Puis nous avons déménagé dans le Tennessee l’été précédant mon entrée en quatrième année, et tout d’un coup, les choses étaient très, très différentes. C’était la première fois que quelqu’un me demandait : « Qu’est-ce que tu es ? Tu es métisse ? » Et ce n’était certainement pas la dernière. En fait, il est devenu courant que des inconnus me demandent cela quelques instants après m’avoir rencontré, comme s’ils ne pouvaient pas aller plus loin dans notre interaction sans savoir exactement comment me catégoriser.
Soon, j’ai appris que ce que les gens voulaient savoir, c’était d’où venaient mes parents. La première fois que cela s’est produit, j’ai été tellement décontenancé que je ne savais vraiment pas comment répondre. Je n’avais même jamais entendu le terme « mixte ». J’ai fini par comprendre que, pour eux, ce terme signifiait « mélangé avec du noir et du blanc ». Mais comme mes deux parents étaient dominicains, j’ai répondu simplement : « Non, je suis dominicaine. » Dans ma petite ville, à un comté de l’endroit où le KKK s’est formé, je ne suis pas certain que les gens auraient compris les nuances entre race et nationalité.
Alors que nous nous sommes installés dans notre nouvelle vie dans cette étrange petite ville, ma famille a constamment partagé des histoires sur les gens de la ville qui pensaient que nous étions mexicains, ou indiens, ou honduriens, ou un certain nombre d’autres choses. Mais la supposition la plus ridicule – du moins pour mes parents – était que nous étions noirs. Nous sommes dominicains, pas noirs !
Laissez-moi vous donner un peu d’histoire sur les Dominicains, au cas où vous ne le sauriez pas. La République dominicaine est un pays des Caraïbes qui partage l’île d’Hispaniola avec Haïti. Les Haïtiens, comme vous le savez peut-être, sont noirs. Pourtant, d’une manière ou d’une autre, de nombreux Dominicains pensent que la frontière fait d’eux des personnes NON NOIRES. Ils le croient en dépit du fait que les premiers esclaves amenés dans le Nouveau Monde ont en fait été emmenés à Hispaniola.
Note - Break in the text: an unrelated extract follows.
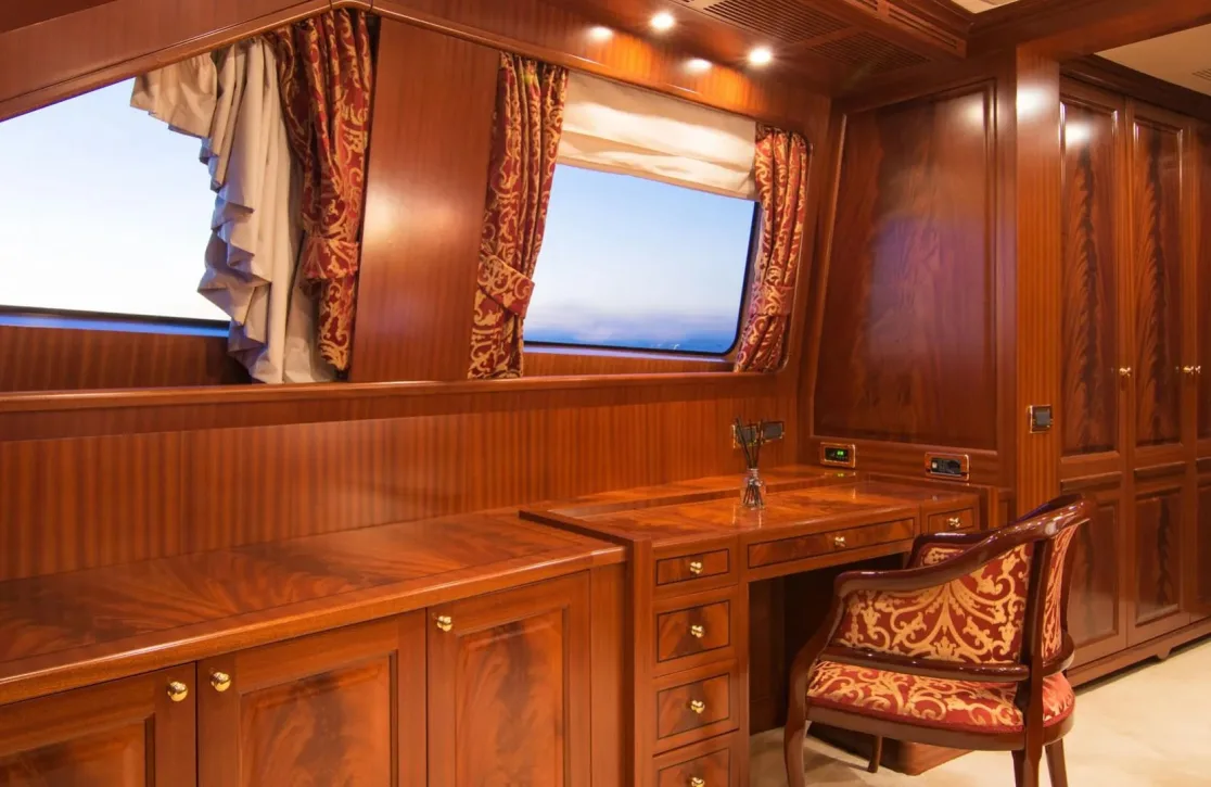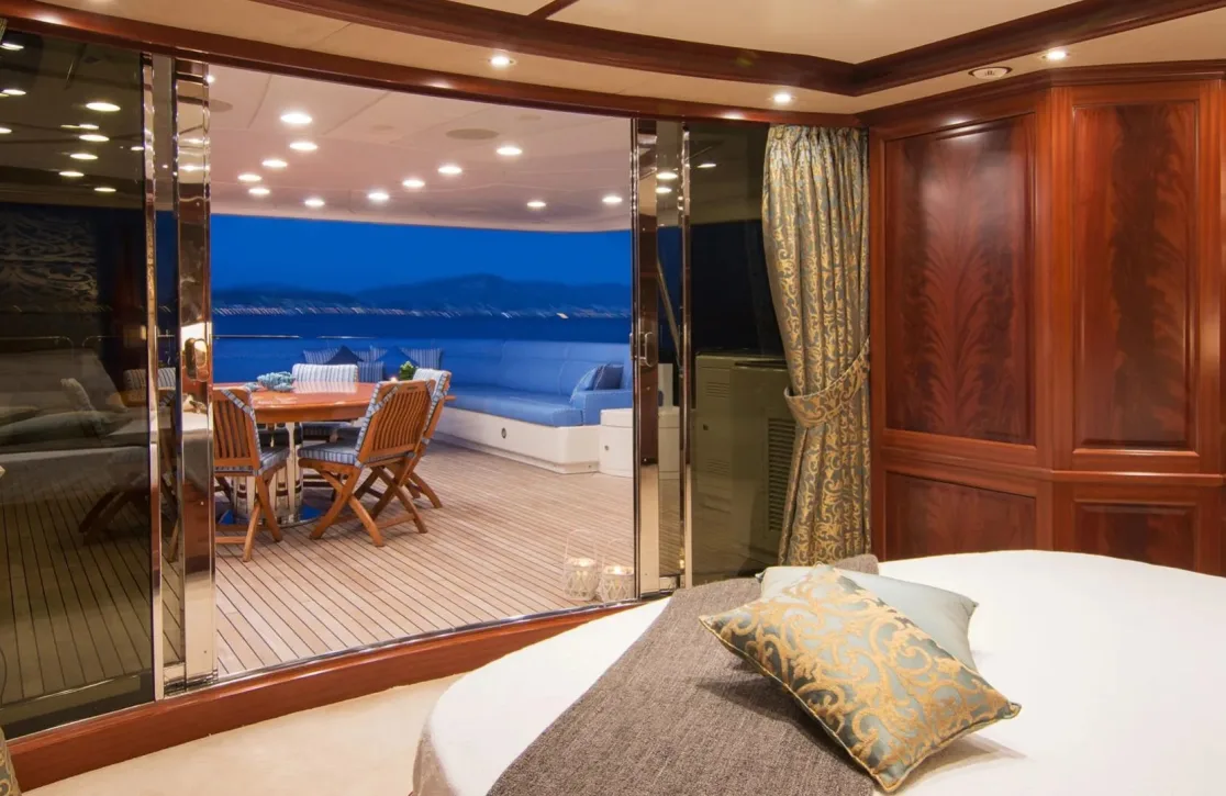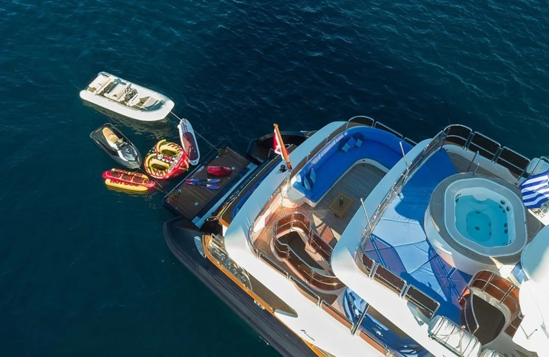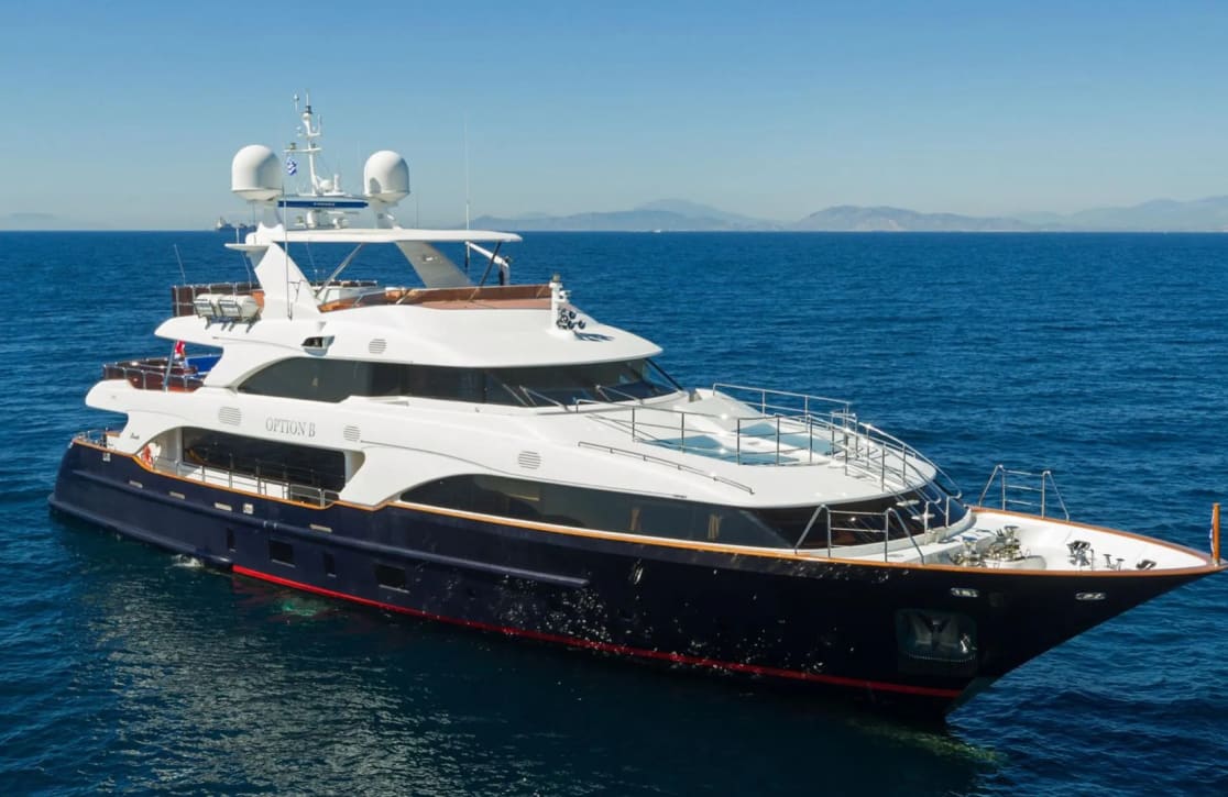 Imagine a voyage aboard ‘Option B,’ where elegance meets performance. Crafted by the esteemed Benetti shipyard and styled by the visionary French designer Zuretti, this 37-meter masterpiece invites you to explore the world from an unparalleled perspective. As you cruise at 13 knots, reaching up to 15 knots, the Mediterranean becomes your playground, with the yacht’s range of 3,400 nautical miles allowing you to discover both hidden coves and bustling harbors. Whether basking on the sun-drenched decks or venturing ashore, ‘Option B’ promises a journey that transcends the ordinary.

À ce stade, je dois également vous dire que mon père est originaire d’une ville située directement à la frontière haïtienne. Du côté dominicain, bien sûr. Sa famille y a vécu pendant des générations. C’était une blague amusante de dire « nous sommes haïtiens » à mon père et de voir comment il se mettait en colère. Le surnom de ma grand-mère pour mon petit frère à la peau foncée était « Haitiano ». Je n’y ai jamais réfléchi quand j’étais enfant, pensant simplement que c’était un des surnoms farfelus de ma grand-mère. Quand j’ai grandi et que j’ai réalisé qu’au fond, ma grand-mère appelait mon frère « petit Haïtien » toute sa vie, je me suis sentie, pour le moins, en conflit.
Soudainement, j’ai commencé à remarquer ces microagressions au sein de ma propre famille. Lorsque j’ai ramené un petit ami noir à la maison au lycée, la controverse s’est répandue comme une traînée de poudre dans toute ma famille. Comment osais-je sortir avec quelqu’un de plus foncé ? Dans de nombreuses familles dominicaines, il existe une attente tacite selon laquelle il faut se « marier en haut de l’échelle » pour améliorer la race. Ma grand-mère maternelle cite souvent cette raison pour laquelle elle a épousé mon grand-père – pour que ses enfants aient une peau plus claire et de beaux cheveux.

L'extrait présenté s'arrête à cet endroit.